Public index information is inserted in the first packet of correlation and the payload of the second packet.

4. a kind of reception device, including：

Receiving unit, is configured to receive the container of the predetermined format for the audio stream for including predetermined quantity,

Wherein, the audio stream is made up of audio frame, and the audio frame includes the first packet and the second packet, described first Packet includes the coded data as payload information, and second packet includes the configuration as payload information Information, the configuration information represents the configuration of the payload information of the first packet, and public index information is inserted into phase In first packet of association and the payload of second packet；

Integrated unit is flowed, is configured to take out first packet and second data from the audio stream of the predetermined quantity Part or all of bag, and by using the payload portion for being inserted in first packet and second packet Point in the index information by described in first packet and second packet part or all be integrated into one Individual audio stream；With

Processing unit, is configured to handle one audio stream.
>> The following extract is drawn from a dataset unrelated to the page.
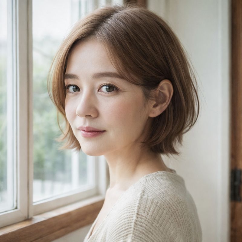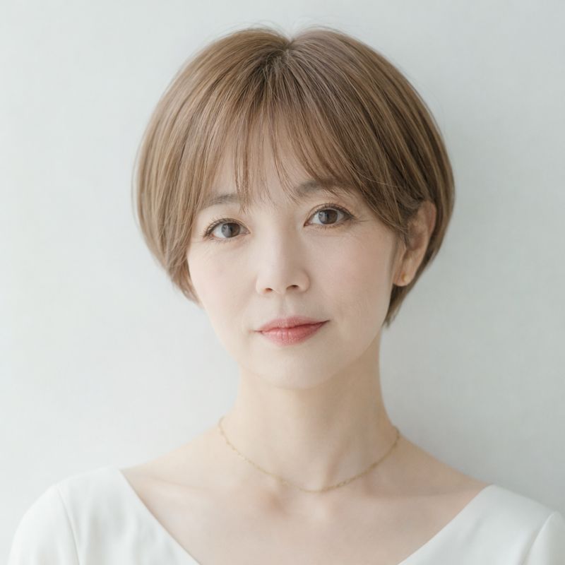 面長を美しく見せる丸みのあるショートヘアもおすすめ。カットは、ひし形の美しいシルエットを生み出すために、レイヤーを控えめに入れ、全体に丸みを帯びさせます。ベージュのカラーリングで髪に柔らかさと透明感を加え、穏やかな印象を演出します。

5. reception device according to claim 4, wherein, the processing unit to one audio stream perform decoding at Reason.

6. reception device according to claim 4, wherein, the processing unit is by one audio streams to outside Device.
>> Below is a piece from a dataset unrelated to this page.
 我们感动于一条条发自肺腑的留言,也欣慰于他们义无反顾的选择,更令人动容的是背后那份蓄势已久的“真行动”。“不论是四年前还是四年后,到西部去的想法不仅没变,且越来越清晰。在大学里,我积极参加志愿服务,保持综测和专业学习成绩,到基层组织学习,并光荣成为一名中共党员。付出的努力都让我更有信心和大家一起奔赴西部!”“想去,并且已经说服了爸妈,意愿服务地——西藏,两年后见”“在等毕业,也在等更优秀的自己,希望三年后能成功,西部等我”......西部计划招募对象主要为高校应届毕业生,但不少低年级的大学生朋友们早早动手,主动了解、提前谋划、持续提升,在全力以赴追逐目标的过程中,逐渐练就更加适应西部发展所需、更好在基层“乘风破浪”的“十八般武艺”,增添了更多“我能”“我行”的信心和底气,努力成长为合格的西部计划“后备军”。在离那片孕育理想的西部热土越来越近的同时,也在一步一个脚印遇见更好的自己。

7. a kind of method of reseptance, including：

Wherein, the audio stream is made up of audio frame, and the audio frame includes the first packet and the second packet, described first Packet includes the coded data as payload information, and second packet includes the configuration as payload information Information, the configuration information represents the configuration of the payload information of first packet, and public index information is inserted In the payload for entering associated first packet and second packet；

Adfluxion is into step, for taking out first packet and second packet from the audio stream of the predetermined quantity Part or all, and by using the payload portions for being inserted in first packet and second packet In the index information by described in first packet and second packet part or all be integrated into one Audio stream；With

Process step, for handling one audio stream.